[zeromq-dev] QoS support

Steven McCoy steven.mccoy at miru.hk
Wed Nov 11 09:44:36 CET 2009


2009/11/11 Martin Sustrik <sustrik at 250bpm.com>

> AFAIU what you are saying is that there's sense in tagging packets by
> different TOSes depending on the message contained in the packet, right?
>


There are many types of Quality of Service:

1,  Packet level tagging with the ToS bits.  Only used for determining
traffic precedence at gateways, such as VoIP in preference to HTTP in order
to maintain low latency.

Many OS stacks, NICs, switches, etc, completely ignore ToS as it is slower
to process the bits than perform best effort for every packet.  There's been
a long conversation on LKML about this.

Adding a host firewall to tag and interpret ToS tags is going to introduce
additional latencies for every packet.

There may be a fundamental problem with retransmission handling at the
transport layer depending on which protocol is being used.  Similarly with
an ordered transport what happens if you send a high latency message
followed by a low latency message.

2,  Interpretation of quality to mean the age of the data, i.e.  realtime,
delayed, or conflated.

3,  Traffic priority at the application level, individual messages in a
stream are tagged with different priorities and each receiving application
needs to filter the incoming stream to the different priority queues.

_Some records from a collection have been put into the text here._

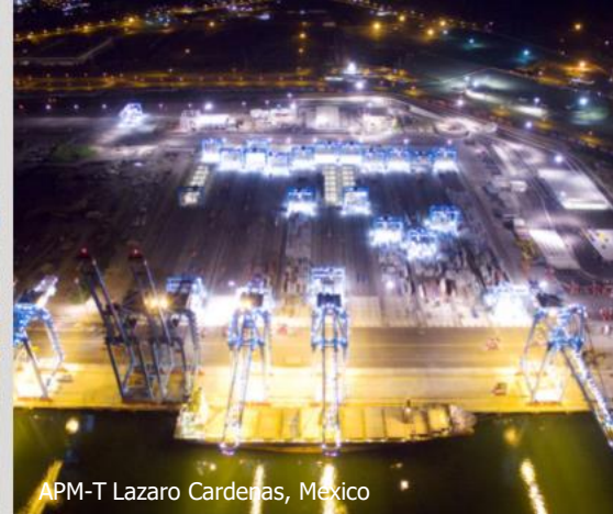
APM-T Lazaro Cardenas, Mexico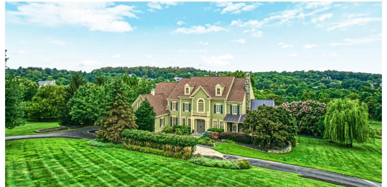
17251 Winning Colors Place Sold $2,249,000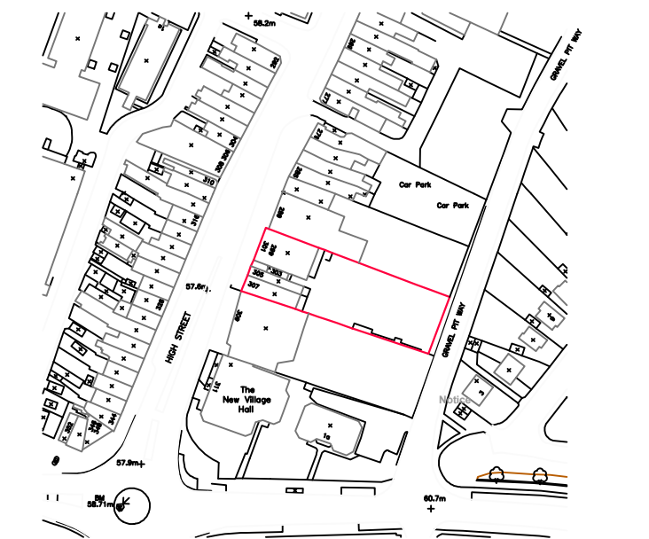
02 OS Map Scale 1:2500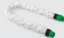
Tychem® Hose Cover Breathing tube not included.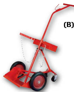
(B) Standard Welding Cylinder Truck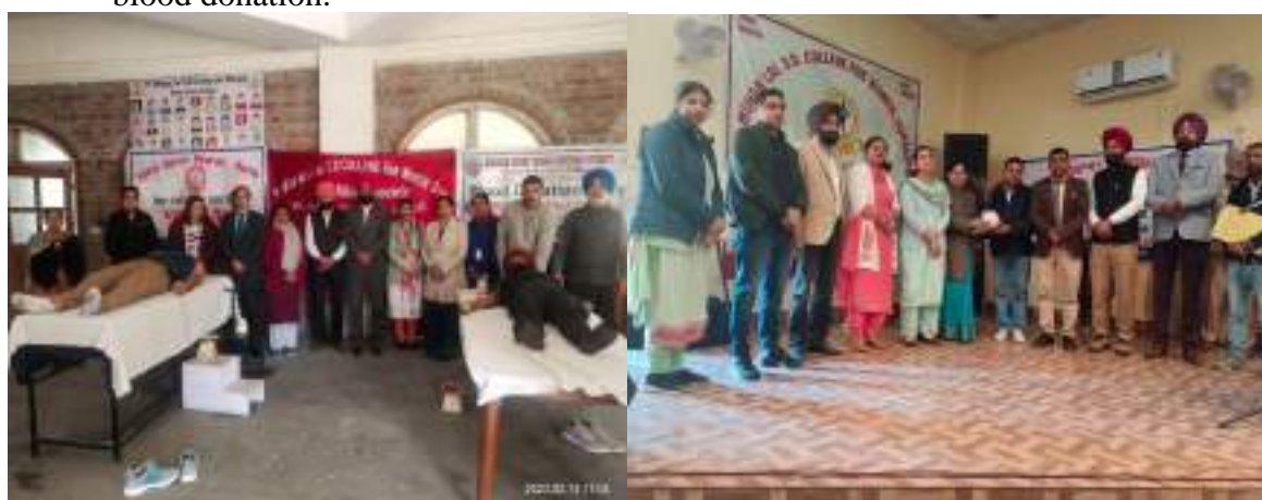
Blood donation and lecture on Drug awareness and HIV AIDS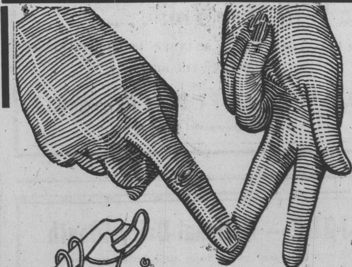
figure IT OUT YOURSELF

Count the reasons — figure it any way you wish — the answer will still be the same — you do need a telephone.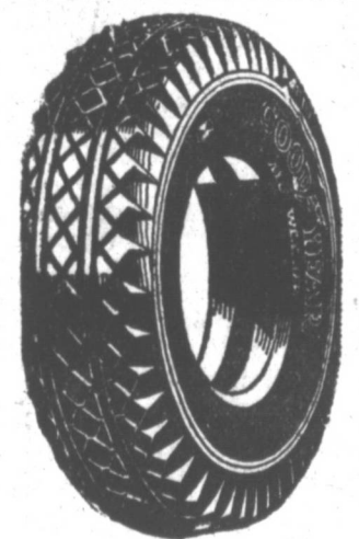
FIGURE it out for yourself! If your tires are pretty smooth right now, the slippery roads of Fall and Winter make the full grip of new Goodyears a sensible precaution. . . And new treads last three times as long on cool roads as on hot summer roads. So Goodyears put on now will still be practically as good as new for next spring and summer. You'll be protected from skids and free from expense and worry of tire trouble all Winter. Better Buy Now!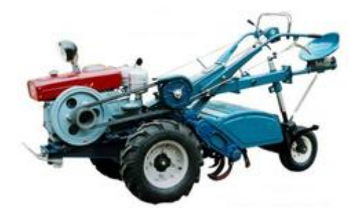
Plate 5: A Power Tiller

agricultural research stations, farmers' associations, and rural credit and extension services (Yu-Kang and Schive, 1995).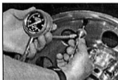
7) Remove the valve stem adapter by turning it counter clockwise.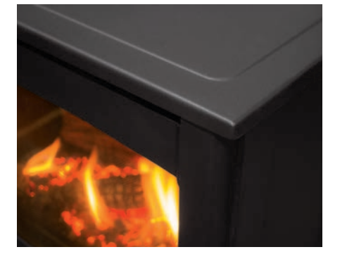
Formed steel outer construction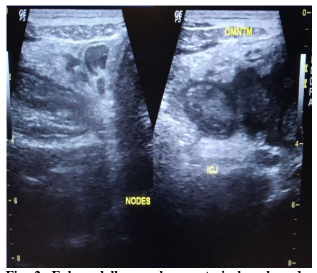
Fig. 2: Enlarged lleo-cecal mesenteric lymph nodes and mesenteric thickening in a case of enteric fever.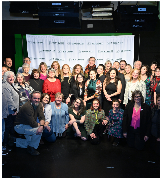
NWPB staff celebrating the station's 100 years.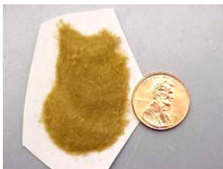
Gypsy Moth egg mass next to penny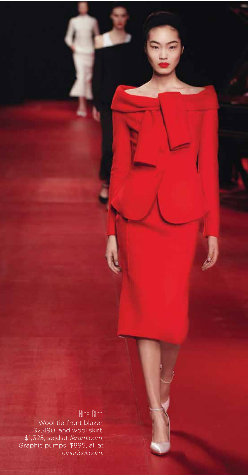
Nina Ricci Wool tie-front blazer, $2,490, and wool skirt, $1,325, sold at Ikram.com ; Graphic pumps, $895, all at ninaricci.com .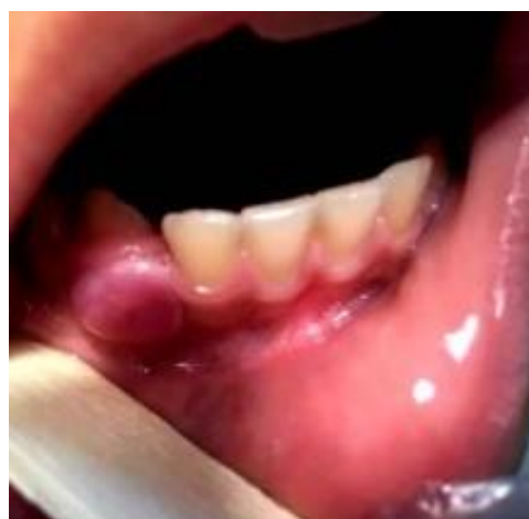
Figure 1. Clinical examination of tumor mass revealed a lesion located in the right gingival mucosa at the canin teeth.

Currently, the patient is under regular follow-up and there has been no evidence of recurrence during the last 15 months (Figure 5).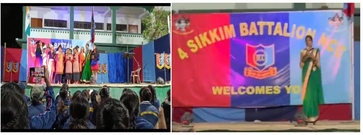
National Trekking Camp attended by <u>SUO Pallavi kumara</u>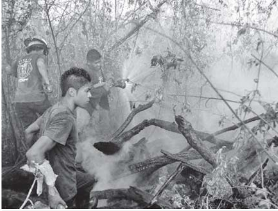
Firefighters try to put out the forest fire in Cancun, the State of Quintana Roo, south Mexico, on 15 May, 2011.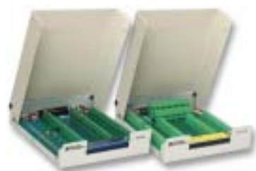
Figure 4. SCB-68 and SCB-100 Shielded Connector Blocks

Dimensions – 19.5 by 15.2 by 4.5 cm (7.7 by 6.0 by 1.8 in)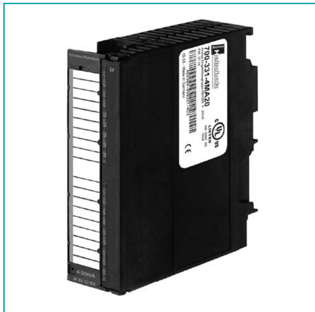
Analog input module

The analog input modules from the Systeme Helmholtz GmbH convert the analog signals from the process to the internal signal level of the programmable controllers.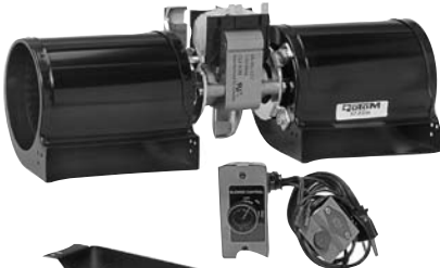
Fig. 4 RB38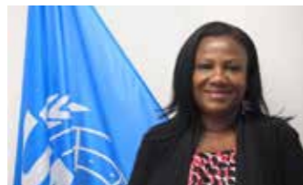
Cote d'Ivoire (2014)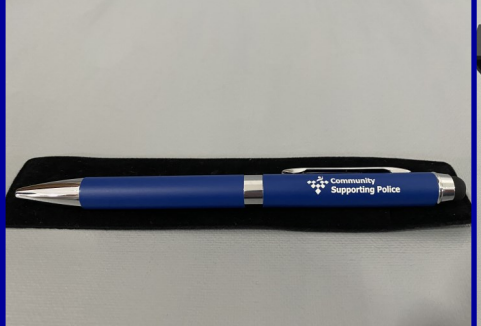
CSP Pen in Pouch $5.00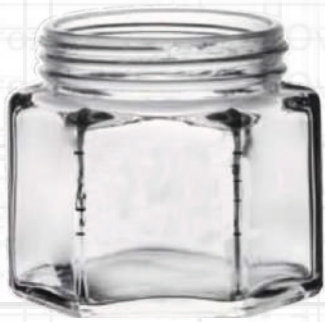
130 ML Screw Hexa Jar

Height : 60 MM Cap : 54 MM Lug Cap Packing : 72 Pcs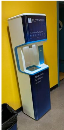
2nd Flowater Unit Installed at Cleveland Elementary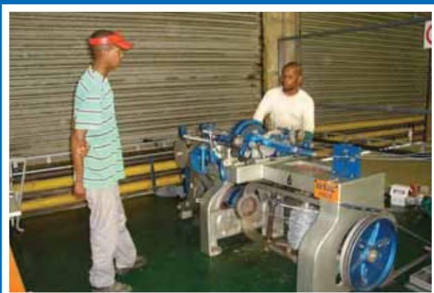
Students working on wire making machine

The TDTC project is also focusing to serve the needs of the College and the Department of Education in terms of the supply of exercise books, examination writing pads and other stationery needs.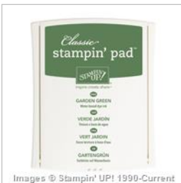
Garden Green Classic Stampin' Pad - 126973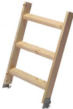
Extensions For extra high ceilings. Available in wood or aluminium.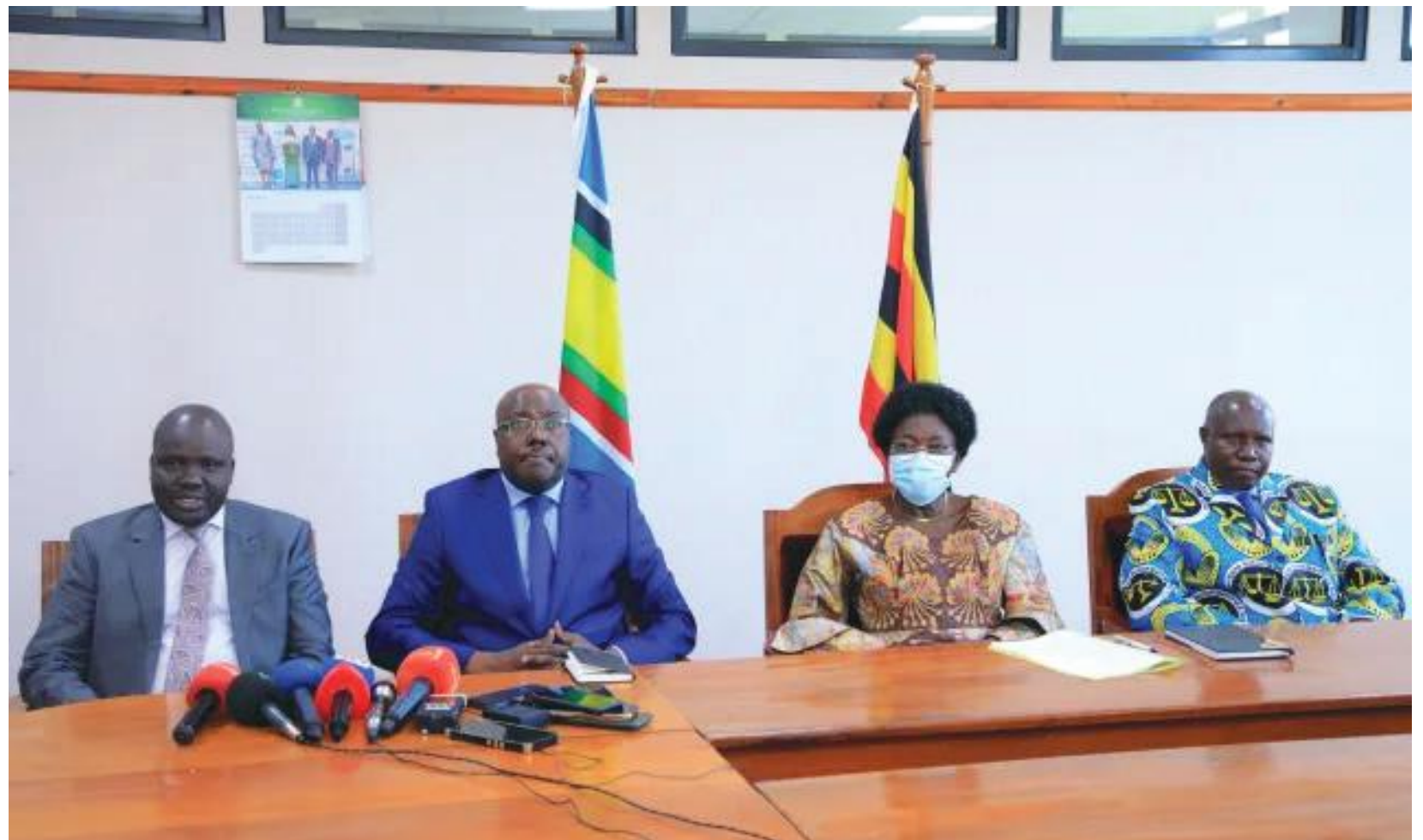
Uganda's 1st Deputy Prime Minister and Minister for East African Community (EAC) Affairs, Rebecca Alitwala Kadaga second right

• Kadaga was speaking during a media briefing on the upcoming 2nd EAC World Kiswahili Day celebrations to be held in Kampala, Uganda from 5th – 7th July, 2023. She said that it was a great honour for East Africa as the home of Kiswahili to have it as the first indigenous African language to be recognised by UNESCO.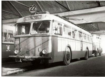
Gdynia trolleybus Henschel nr inw. 206 (1950 r.)

■ The trolleybus system in Gdynia is functioning since 1943 and currently the biggest and the most modern system in Poland.

4,  Traffic priority at the receiving application, the receiver tags certain
topics with different priorities based on it's interest and filters the
incoming stream appropriately.

5,  Priority streams, if you have 3 priority levels create 3 transports
using 3 known ports and have routers prioritise at the port level.


So the question of choice is dependent on whether every application using
the internet routes is under your control to set the ToS bits and how do you
expect it to perform better than simply prioritizing separate transports.